[erlang-questions] Large-scale Erlang in practice
Bengt Kleberg
bengt.kleberg@REDACTED
Wed Feb 8 11:02:37 CET 2012
Greetings,
To what extent would something like LACE
(http://archive.eiffel.com/doc/manuals/technology/lace/subcluster/page.html), but for Erlang, handle your problems?
bengt
On Wed, 2012-02-08 at 02:06 +0100, Tim Watson wrote:
> On 7 February 2012 22:00, Attila Rajmund Nohl
> <attila.r.nohl@REDACTED> wrote:
> 2012/2/7, Tim Watson <watson.timothy@REDACTED>:
> [...]
> > Yes but my point about very_long_module_names is not just
> that it is ugly
> > and painful to type. I can get autocompletion in vim/emacs
> today so that's
> > not the issue.
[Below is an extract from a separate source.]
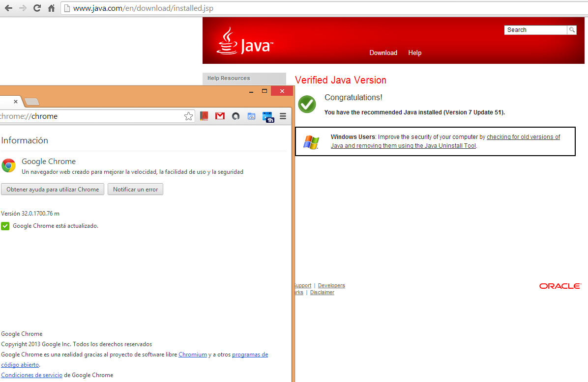 另外,我使用java.com工具卸载任何以前的和不安全的JRE版本(使用Google )。在反复检查IE11之后,我可以看到启用了Java加载项并将其版本化到7u51:
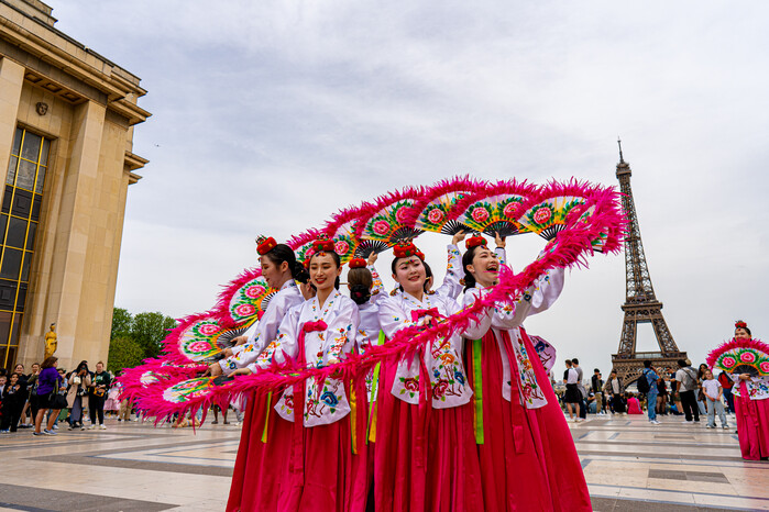 | ▲ 파리의 상징 에펠탑 앞에서 한국무용 공연 중인 아리랑 유랑단.(사진=아리랑 유랑단 제공) |

The point is that as the number of
> libraries/applications I
> > am able to choose from increases (and let's face it, they're
> growing fast)
> > I'm increasingly being forced to deal with module name
> clashes *or* to put
> > up with very long names which are distracting to look at -
> they take focus
> > away from the *function* that is being called, which is what
> *I* want to
> > focus on.
>
>
> In the AXD301 the module names were prefixed with the
> subsystem name,
> so for example many subsystems could have a library module
> with name
> like xyzLib. I guess this was enforced on project level.
>
>
> Yes I'm not surprised because everybody (including me) is still doing
> this today. You can see modules called riak_something and
> rabbitmq_something and mochiweb_something, etc etc. I have no problem
> with this, but if people *don't* follow this convention then you run
> into trouble.
>
>
> Honestly, C doesn't have packages either, still applications
> can use
> dozens of libraries. Even though the situation is not exactly
> the same
> (in C the internal names can "clash"), the API functions are
> (in many
> cases) religiously prefixed with the library name. An this
> worked for
> the last 40 years.
>
> Yes it can be made to work with, as you put it, religious adherence to
> coding standards, but C is hardly the poster child for making this
> stuff easy. In fact C is notoriously annoying when it comes to name
> clashes, forcing you to write statically linked wrappers to re-export
> symbols with alternative names and/or mess around with symbol renaming
> tools. I'm sure there are many clever things that people do in order
> to make writing assembler code manageable, but that doesn't mean we
> should consider those good approaches for high level languages like
> Erlang does it?
>
>
> I suppose a simple approach to the "long names" complaint might be to
> write a common parse_transform that appends a configurable
> "<organisation>_<project>_" prefix to modules during the build and
> generates a bit of metadata in the application config file. That way I
> can write my own code in a pithy fashion, have the generated modules
> *fully qualifies* and have other code that uses it consume the full
> name. If someone else wants to take advantage of the concise names,
> they can include the parse_transform in their build and take advantage
> of whatever `-special_import(...)` directive(s) it makes available for
> mapping short names to fully qualified module names during the AST
> transform.
>
>
> But I still think that having a coarser grained scoping/grouping
> construct than modules would be useful. This is obviously what
> applications are for, but they're not *first class* citizens in the
> way modules are. For example, another IMO great benefit that
> application level scoping of modules would bring is the ability to
> provide an export directive that makes functions callable from within
> your application (i.e., between the modules in app123) but *not* by
> outside callers. From an API design perspective, that would be very
> nice to have, as I often need to export shared code for use in my
> application but don't really want external callers to depend on it.